唐沐笑呵呵的說道︰「徐老爺誤會了,這次大掌櫃重金相請的,是熟悉錢谷、刑名的師爺。」

師爺,又稱之為幕賓,是幫助軍政大員處理各類食物的讀書人,到了明朝,師爺已經是一個非常獨立的行業,尤其以紹興的胥吏幫的崛起而聞名。

師爺與官員是雇佣關系,無朝廷無涉,他們是官員的親信、智囊、私人助理,但是所做所辦的都是公事。

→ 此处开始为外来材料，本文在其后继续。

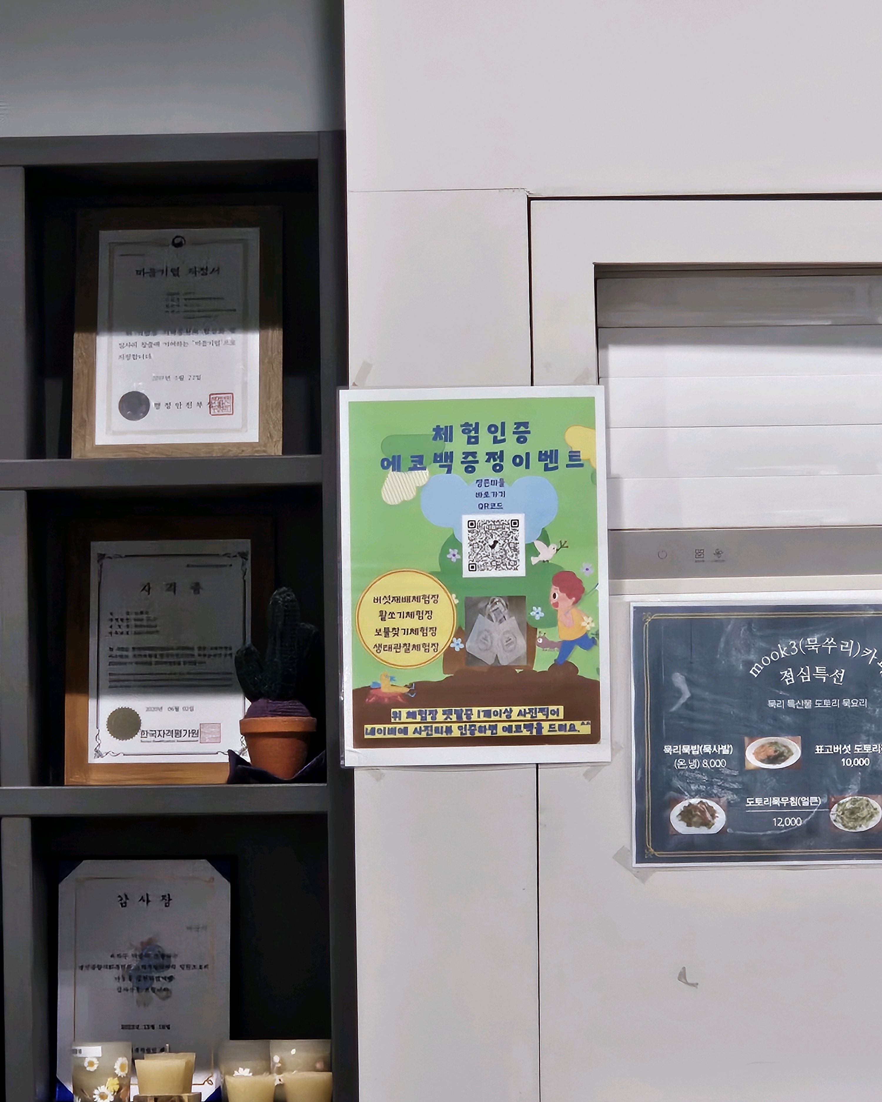아이와 함께 피자만들기체험 신청하고 왔는데 고추장까지 만들었어요 피자가 시중에서 사는 것과는 비교할 수 없게 맛있었고 여기서 먹은 묵밥도 환상입니다
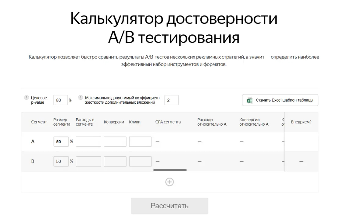 Чтобы не делать выводы на основе случайных колебаний, важно учитывать статистическую значимость. Для этого можно использовать специальные инструменты, например калькулятор достоверности тестирования от Яндекса. Они позволяют понять, достаточно ли данных для того, чтобы считать разницу между вариантами значимой.

一個官員的能力高低,治政好壞,很大程度上是由他的幕僚團隊決定的。

師爺要為官員出謀劃策,參與機要,起草文稿,代擬奏疏,處理案卷,裁行批復,奉命出使,聯絡官場。官員們的師爺,少則三五個人,多則十幾人乃至幾十個人。但主要是地方執政的官員,幕僚團隊里最重要的肯定是掌管刑名和錢谷的師爺

東方商社所求這類師爺,可以說求的就是能辦實務的。

「這是什麼道理呢,你們商社求刑名錢谷師爺作甚?」有人問到。

唐沐笑呵呵說道︰「原本淡水是荒蠻之地,但自商社開拓以來,僅城中城外便不下千戶人家,加上轄制的村社、礦場,丁口已過六千余。而且日日都在增長,我商社高層,多出身商賈、水手,實在不擅長處理這些政務。

更重要的事,此次北航,進佔倭國佐渡島,島上有人口不下八萬,金銀山密布。僅相川一城,便是有人口三萬余。

如何統治,已經是難題了。」

眾人紛紛點頭,說起來,大明一些貧困些的縣,人口不過十萬的比比皆是,而有三萬人口的縣城,在江南也不是小城了。

「嗯,你說的有道理,老夫便幫你問問。」

「是,老夫在任時的刑名師爺就在廣州,幫你問問也就是了。」

澳門,望海樓。

唐沐、李四知和劉利三人,在此地招待士紳們招募的師爺,劉利前去關口相迎,唐、李二人在望海樓迎候。

「大掌櫃召我北上,而不召劉利,他心里不悅,所以方才說話才難听了些。」李四知對唐沐說道。

唐沐呵呵一笑,並不在意︰「與劉順相比,劉利便是個貪婪小人,我早就听聞他在澳門行事,假公濟私,賬目不清,若不是劉掌櫃親自來訓誡過,大掌櫃可是要拿他立威的。」

「他這段時間,倒是勤勉了許多。」李四知說。

「即便如此,也不能是他。我雖然不知道大掌櫃讓你北上是做什麼,但肯定與佐渡有關,日後說不定你要留守佐渡的。而其他人也會留守,其中兵馬方便,肯定由劉順來,他在佐渡四處討伐,闖下了名聲,那些倭人懼怕他。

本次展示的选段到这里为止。